Aujourd’hui, quelles sont les priorités des Japonais ? Selon un sondage publié par Mainichi Shinbun, l’un des plus grands journaux nippons, elles sont économiques pour 32 % des Japonais, devant le système de santé pour 23 % et les impôts pour 10 %. Le nucléaire n'arrive qu'après, avec 7%, à égalité avec la reconstruction des zones dévastées par le tsunami. Abe l’a compris, qui mise tout sur la reprise économique. Il veut lancer une politique de grands travaux, au détriment de la dette publique. Il veut aussi pousser la banque centrale à faire tourner la planche à billets pour juguler la déflation et parvenir à une inflation de 2 %. Voilà qui révèle une volonté affirmée de réveiller l’économie.
Japon : retour en force des conservateurs
Yukiko Kaka
Entre le parti démocrate du Japon de Noda et le parti libéral-démocrate de Abe, quelle place reste-t-il aux petits ? Des partis aux thématiques marquées sont récemment apparus à droite comme à gauche dans le paysage politique japonais, comme le parti de la Restauration japonaise (PRJ, nationaliste), fondé par l’ex-gouverneur de Tokyo Shintaro Ishihara, ou le parti antinucléaire de Yukiko Kada, le parti de l'Avenir du Japon, fondé par des anciens du parti démocrate. Tous deux vont grappiller des voix à droite et à gauche, et peut-être atteindre 3 % à 6 % des voix. Toujours est-il qu’ils vont amenuiser l’assise des grands partis traditionnels. Mais ils sont encore trop jeunes pour que l’on puisse projeter la place qu’ils occuperont à l’avenir sur la scène politique.

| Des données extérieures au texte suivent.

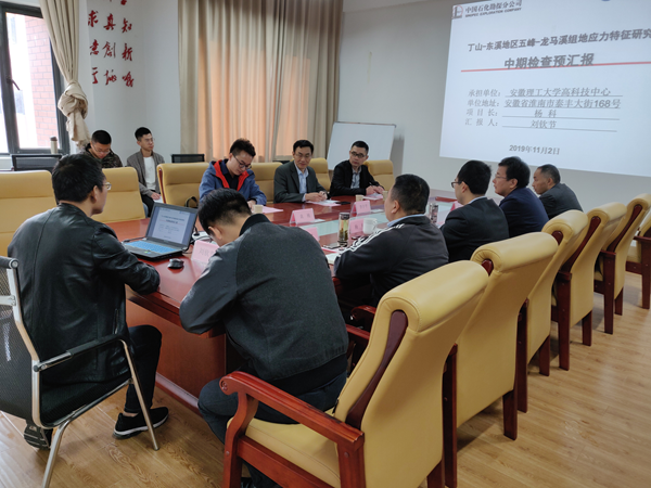 项目组汇报了“丁山-东溪地区五峰-龙马溪组地应力特征研究”自立项以来开展的主要工作、取得的阶段性进展等。双方就项目实施细节、中期检查准备情况和下一阶段的研究计划与安排进行交流。

Japon : retour en force des conservateurs
Shintaro Ishihara
Comment les Japonais vivent-ils ces élections ? La frustration et le détachement des électeurs est sensible. A la veille du scrutin, 40 % d’entre eux restent indécis. Reste que les sondages créditent  aux conservateurs 300 sièges sur 480, tandis que leur allié traditionnel, le Komeito, devrait apporter 30 sièges supplémentaires. En revanche, les démocrates devraient voir leur nombre de sièges divisé par deux. Au cours du 1er semestre 2013 sera renouvelée une moitié du Sénat,  une institution qui  a du poids dans la vie politique japonaise. Si Abe, aujourd’hui, devient Premier ministre, il aura quelques mois pour transformer son essai. Et alors seulement, les conservateurs auront vraiment tous les pouvoirs.